◆ **Extracted data**
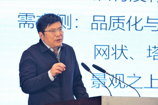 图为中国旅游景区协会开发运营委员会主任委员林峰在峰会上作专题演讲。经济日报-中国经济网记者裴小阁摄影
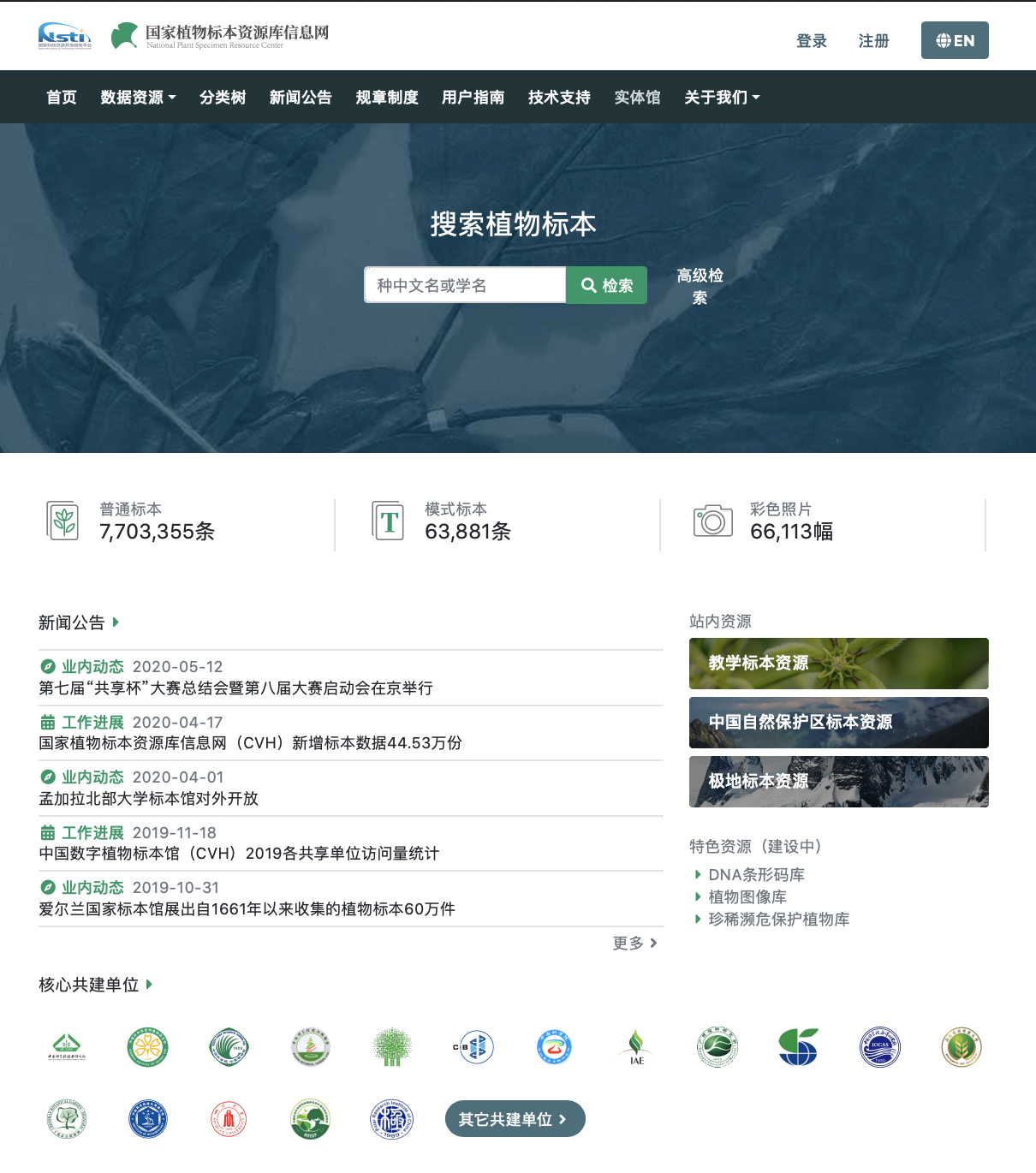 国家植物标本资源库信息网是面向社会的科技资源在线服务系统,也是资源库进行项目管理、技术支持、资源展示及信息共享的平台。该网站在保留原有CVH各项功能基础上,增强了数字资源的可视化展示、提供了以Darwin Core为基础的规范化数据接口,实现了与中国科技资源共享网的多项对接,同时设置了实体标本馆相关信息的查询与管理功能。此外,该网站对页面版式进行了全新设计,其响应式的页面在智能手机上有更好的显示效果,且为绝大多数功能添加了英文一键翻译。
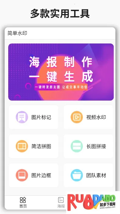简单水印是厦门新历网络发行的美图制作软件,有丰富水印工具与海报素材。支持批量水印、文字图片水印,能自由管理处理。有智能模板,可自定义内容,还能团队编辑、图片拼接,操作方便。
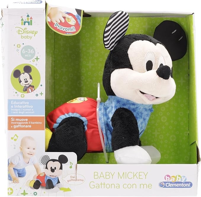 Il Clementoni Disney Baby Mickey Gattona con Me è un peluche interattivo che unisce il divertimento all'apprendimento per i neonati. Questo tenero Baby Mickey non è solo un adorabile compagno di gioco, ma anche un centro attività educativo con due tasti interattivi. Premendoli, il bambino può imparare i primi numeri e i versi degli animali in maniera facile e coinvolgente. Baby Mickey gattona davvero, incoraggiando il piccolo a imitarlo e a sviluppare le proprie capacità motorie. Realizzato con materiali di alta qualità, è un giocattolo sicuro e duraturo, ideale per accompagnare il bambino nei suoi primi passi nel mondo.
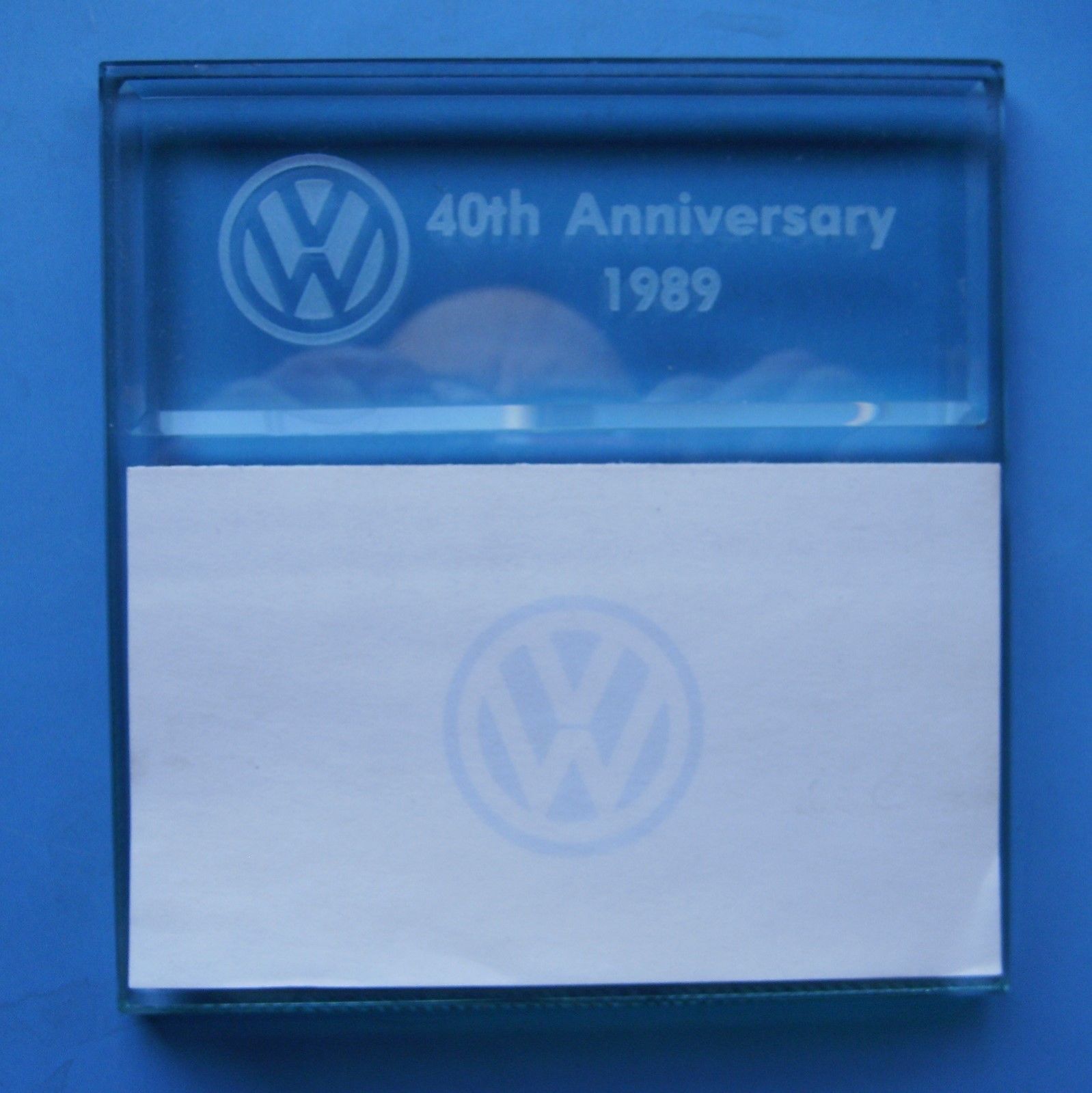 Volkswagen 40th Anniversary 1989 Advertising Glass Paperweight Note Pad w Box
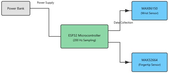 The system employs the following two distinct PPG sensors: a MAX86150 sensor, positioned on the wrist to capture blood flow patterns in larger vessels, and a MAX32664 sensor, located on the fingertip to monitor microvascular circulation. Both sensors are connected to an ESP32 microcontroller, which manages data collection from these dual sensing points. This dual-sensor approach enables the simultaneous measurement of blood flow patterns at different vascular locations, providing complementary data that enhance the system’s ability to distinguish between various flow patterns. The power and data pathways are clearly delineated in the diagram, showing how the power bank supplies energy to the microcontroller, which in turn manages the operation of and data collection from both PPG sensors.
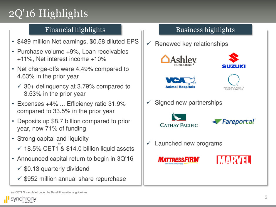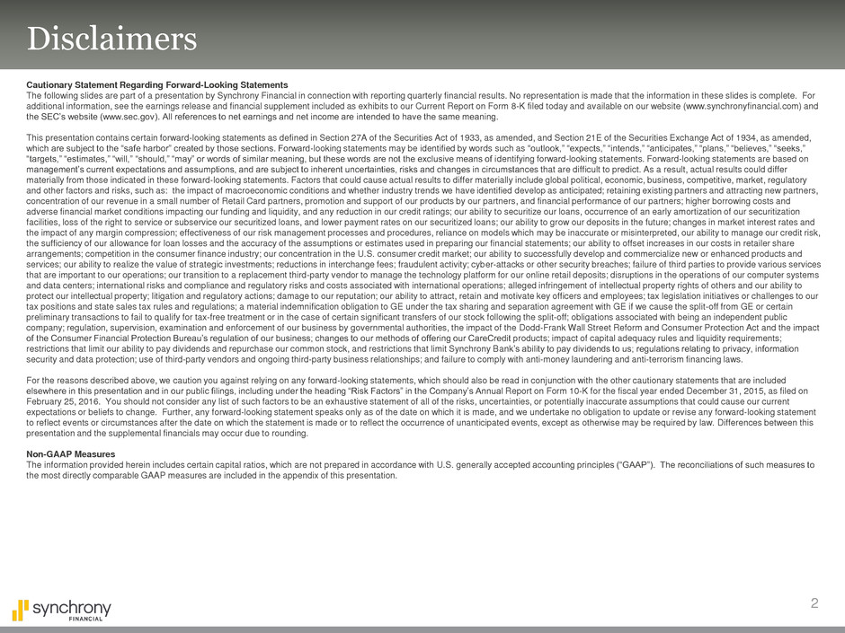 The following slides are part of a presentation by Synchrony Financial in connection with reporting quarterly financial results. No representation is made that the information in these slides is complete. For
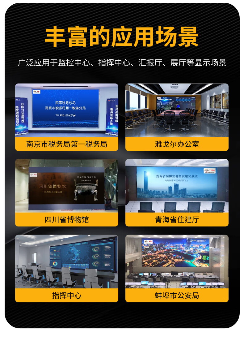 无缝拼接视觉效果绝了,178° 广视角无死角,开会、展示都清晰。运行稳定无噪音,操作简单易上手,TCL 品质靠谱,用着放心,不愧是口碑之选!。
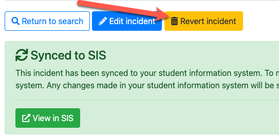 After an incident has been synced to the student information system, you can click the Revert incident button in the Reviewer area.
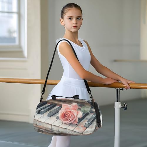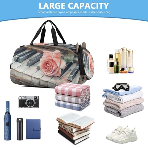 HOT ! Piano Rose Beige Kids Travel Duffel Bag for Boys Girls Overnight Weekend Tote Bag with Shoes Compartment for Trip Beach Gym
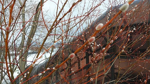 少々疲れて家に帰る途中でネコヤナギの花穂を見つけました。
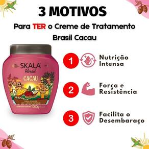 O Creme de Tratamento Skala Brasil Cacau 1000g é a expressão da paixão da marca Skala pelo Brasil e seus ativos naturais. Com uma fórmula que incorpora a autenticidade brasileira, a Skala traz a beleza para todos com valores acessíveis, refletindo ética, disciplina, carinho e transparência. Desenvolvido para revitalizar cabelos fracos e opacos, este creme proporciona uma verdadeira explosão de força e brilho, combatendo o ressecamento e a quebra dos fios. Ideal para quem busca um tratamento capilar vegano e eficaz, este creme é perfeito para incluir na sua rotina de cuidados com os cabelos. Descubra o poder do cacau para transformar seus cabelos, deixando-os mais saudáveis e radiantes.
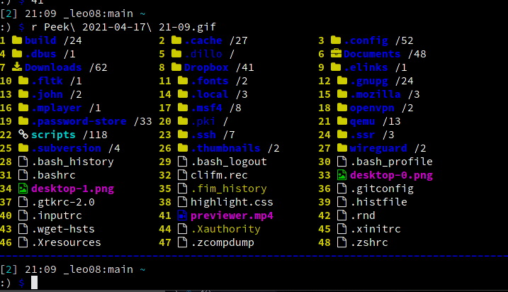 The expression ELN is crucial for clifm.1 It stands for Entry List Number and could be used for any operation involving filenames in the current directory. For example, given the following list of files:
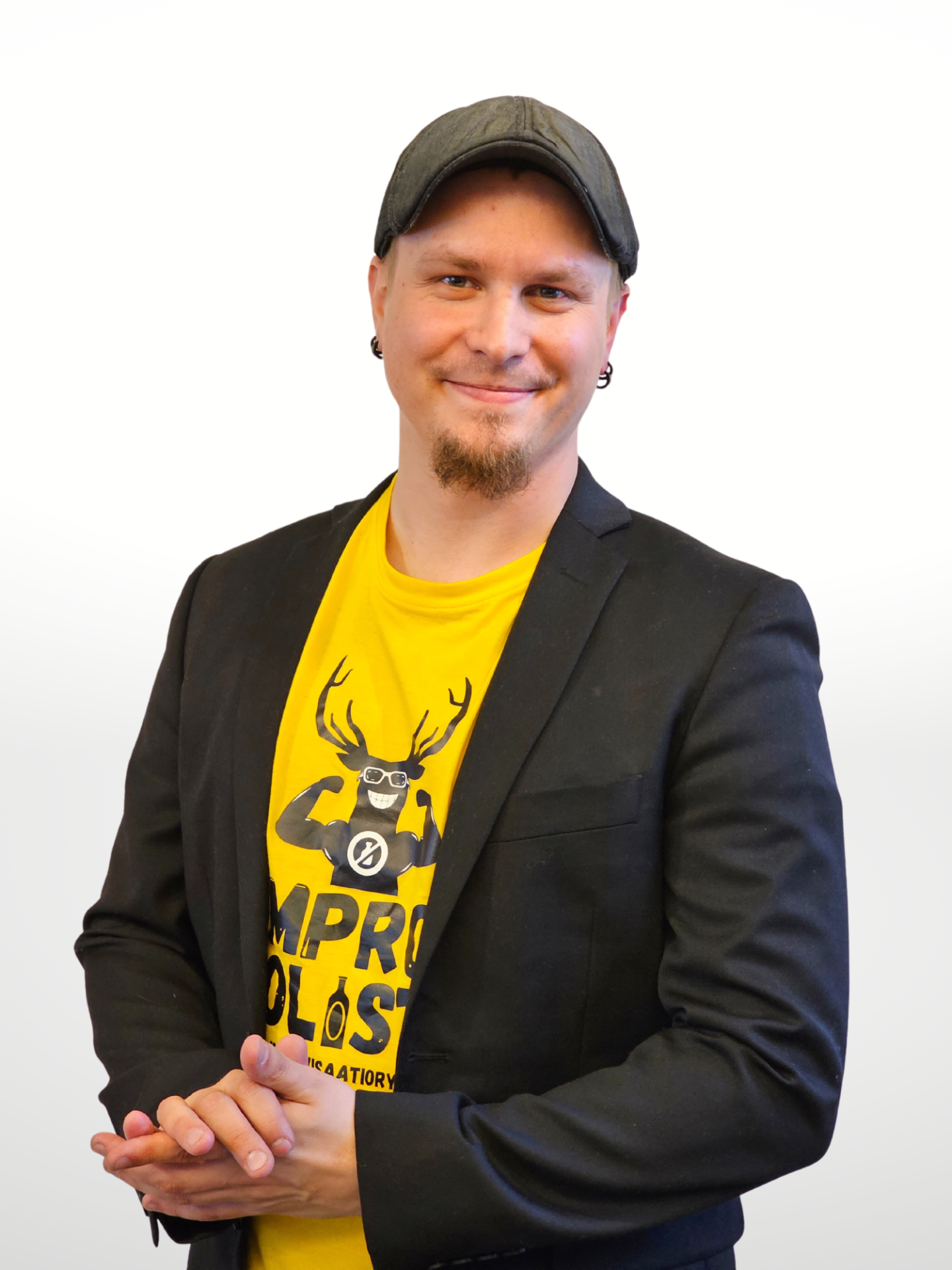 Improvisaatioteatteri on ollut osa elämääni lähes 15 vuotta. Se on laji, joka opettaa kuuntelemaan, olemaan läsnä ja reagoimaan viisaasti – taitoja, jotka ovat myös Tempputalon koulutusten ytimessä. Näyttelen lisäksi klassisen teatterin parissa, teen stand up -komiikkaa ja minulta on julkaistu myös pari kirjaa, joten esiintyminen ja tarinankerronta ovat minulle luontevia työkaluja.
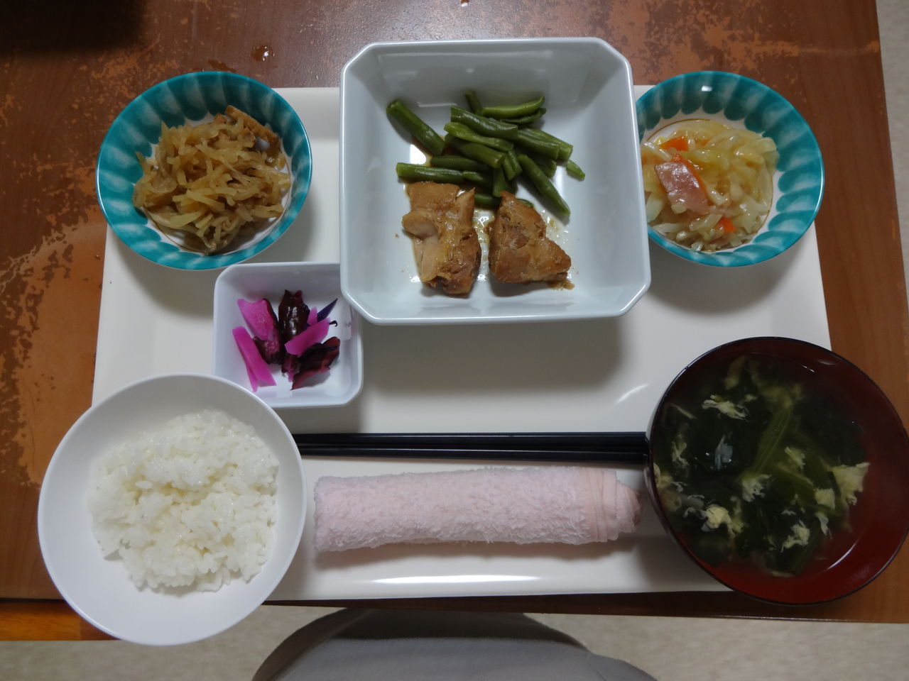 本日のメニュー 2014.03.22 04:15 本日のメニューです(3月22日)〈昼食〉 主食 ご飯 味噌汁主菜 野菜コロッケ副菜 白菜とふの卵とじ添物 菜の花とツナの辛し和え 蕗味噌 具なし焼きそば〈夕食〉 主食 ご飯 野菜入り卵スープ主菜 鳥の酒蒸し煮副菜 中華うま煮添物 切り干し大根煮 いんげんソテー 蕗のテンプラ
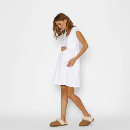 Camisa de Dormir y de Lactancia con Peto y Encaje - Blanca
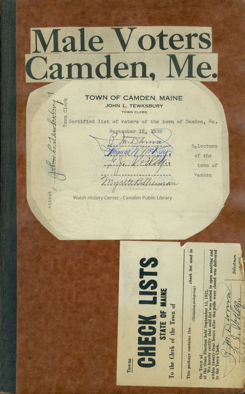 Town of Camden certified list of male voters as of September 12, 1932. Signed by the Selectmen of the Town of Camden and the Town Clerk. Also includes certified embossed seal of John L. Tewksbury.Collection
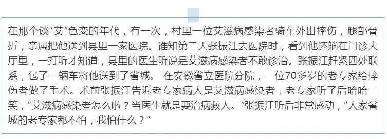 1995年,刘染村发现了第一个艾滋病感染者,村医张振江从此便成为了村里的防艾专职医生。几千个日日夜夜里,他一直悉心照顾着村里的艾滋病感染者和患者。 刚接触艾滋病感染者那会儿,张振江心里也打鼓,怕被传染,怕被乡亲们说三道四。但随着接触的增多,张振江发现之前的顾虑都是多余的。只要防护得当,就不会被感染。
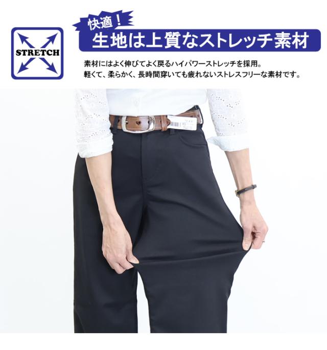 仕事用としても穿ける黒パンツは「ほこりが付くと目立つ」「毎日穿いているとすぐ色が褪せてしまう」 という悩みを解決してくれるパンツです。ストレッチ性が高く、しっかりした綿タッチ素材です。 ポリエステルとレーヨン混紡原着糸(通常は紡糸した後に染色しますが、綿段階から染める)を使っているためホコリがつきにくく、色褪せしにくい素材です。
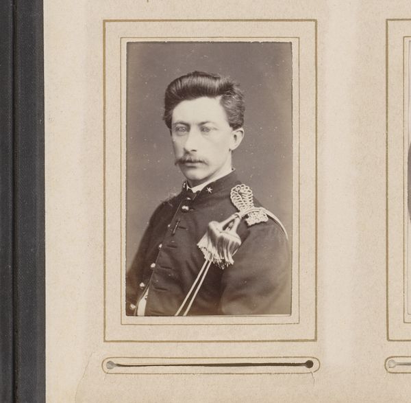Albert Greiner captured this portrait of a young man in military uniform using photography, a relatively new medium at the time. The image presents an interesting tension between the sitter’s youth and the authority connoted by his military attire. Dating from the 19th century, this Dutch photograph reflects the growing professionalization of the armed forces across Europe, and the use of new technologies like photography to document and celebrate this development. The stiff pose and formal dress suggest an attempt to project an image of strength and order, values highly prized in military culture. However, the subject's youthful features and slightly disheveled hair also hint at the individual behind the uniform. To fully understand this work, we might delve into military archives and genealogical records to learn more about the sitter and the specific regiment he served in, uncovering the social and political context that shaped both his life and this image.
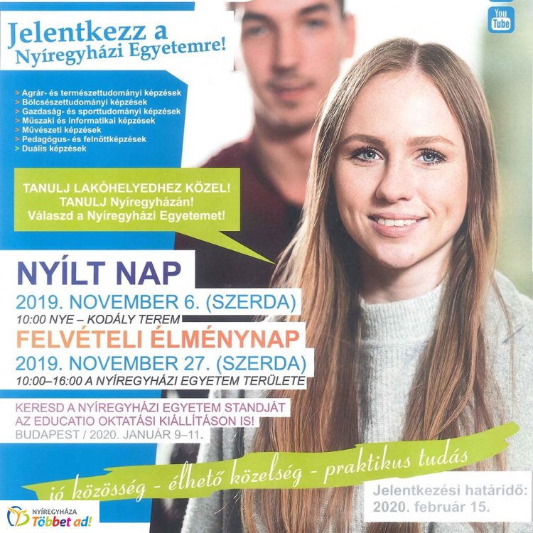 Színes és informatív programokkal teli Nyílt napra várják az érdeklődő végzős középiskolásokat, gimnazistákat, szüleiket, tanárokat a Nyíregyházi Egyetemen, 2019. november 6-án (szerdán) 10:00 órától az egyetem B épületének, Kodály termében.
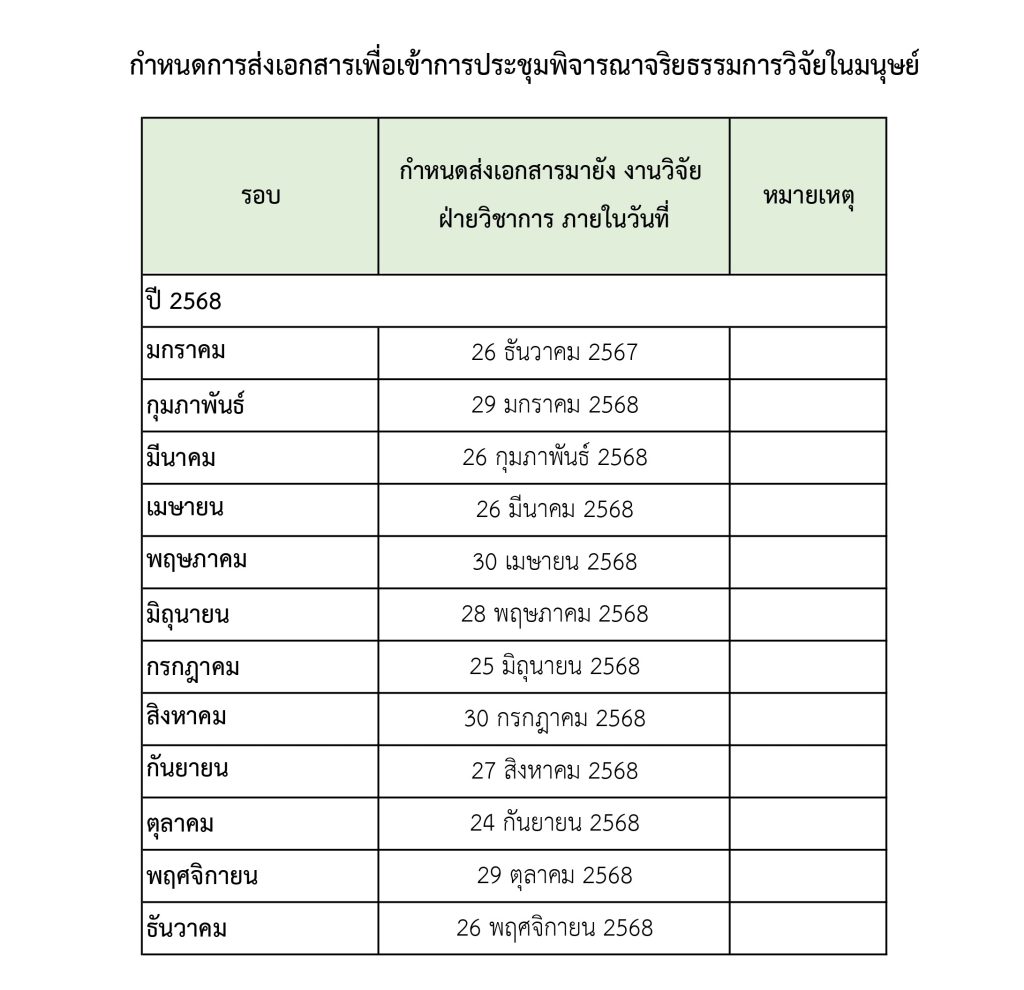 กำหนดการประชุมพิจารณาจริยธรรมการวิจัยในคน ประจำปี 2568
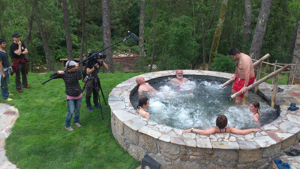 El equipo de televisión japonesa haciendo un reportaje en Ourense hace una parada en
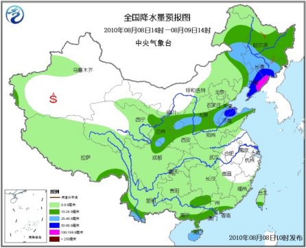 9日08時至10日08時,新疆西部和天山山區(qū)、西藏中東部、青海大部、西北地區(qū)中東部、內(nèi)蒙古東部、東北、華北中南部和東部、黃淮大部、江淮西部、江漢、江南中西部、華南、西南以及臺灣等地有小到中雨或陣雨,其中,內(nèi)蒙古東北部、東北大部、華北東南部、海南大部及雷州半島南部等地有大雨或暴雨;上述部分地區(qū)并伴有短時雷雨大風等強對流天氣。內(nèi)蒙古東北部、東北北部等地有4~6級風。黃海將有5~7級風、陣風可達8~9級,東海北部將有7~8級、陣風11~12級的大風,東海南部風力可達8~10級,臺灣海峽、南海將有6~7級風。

◆ **Work request**
Beginning with the line that contains "1995年,刘染村发现了第一" and ending with the line that contains "El equipo de", reproduce the listing exactly, pictures excluded.

◆ **Result below**
 1995年,刘染村发现了第一个艾滋病感染者,村医张振江从此便成为了村里的防艾专职医生。几千个日日夜夜里,他一直悉心照顾着村里的艾滋病感染者和患者。 刚接触艾滋病感染者那会儿,张振江心里也打鼓,怕被传染,怕被乡亲们说三道四。但随着接触的增多,张振江发现之前的顾虑都是多余的。只要防护得当,就不会被感染。
 仕事用としても穿ける黒パンツは「ほこりが付くと目立つ」「毎日穿いているとすぐ色が褪せてしまう」 という悩みを解決してくれるパンツです。ストレッチ性が高く、しっかりした綿タッチ素材です。 ポリエステルとレーヨン混紡原着糸(通常は紡糸した後に染色しますが、綿段階から染める)を使っているためホコリがつきにくく、色褪せしにくい素材です。
Albert Greiner captured this portrait of a young man in military uniform using photography, a relatively new medium at the time. The image presents an interesting tension between the sitter’s youth and the authority connoted by his military attire. Dating from the 19th century, this Dutch photograph reflects the growing professionalization of the armed forces across Europe, and the use of new technologies like photography to document and celebrate this development. The stiff pose and formal dress suggest an attempt to project an image of strength and order, values highly prized in military culture. However, the subject's youthful features and slightly disheveled hair also hint at the individual behind the uniform. To fully understand this work, we might delve into military archives and genealogical records to learn more about the sitter and the specific regiment he served in, uncovering the social and political context that shaped both his life and this image.
 Színes és informatív programokkal teli Nyílt napra várják az érdeklődő végzős középiskolásokat, gimnazistákat, szüleiket, tanárokat a Nyíregyházi Egyetemen, 2019. november 6-án (szerdán) 10:00 órától az egyetem B épületének, Kodály termében.
 กำหนดการประชุมพิจารณาจริยธรรมการวิจัยในคน ประจำปี 2568
 El equipo de televisión japonesa haciendo un reportaje en Ourense hace una parada en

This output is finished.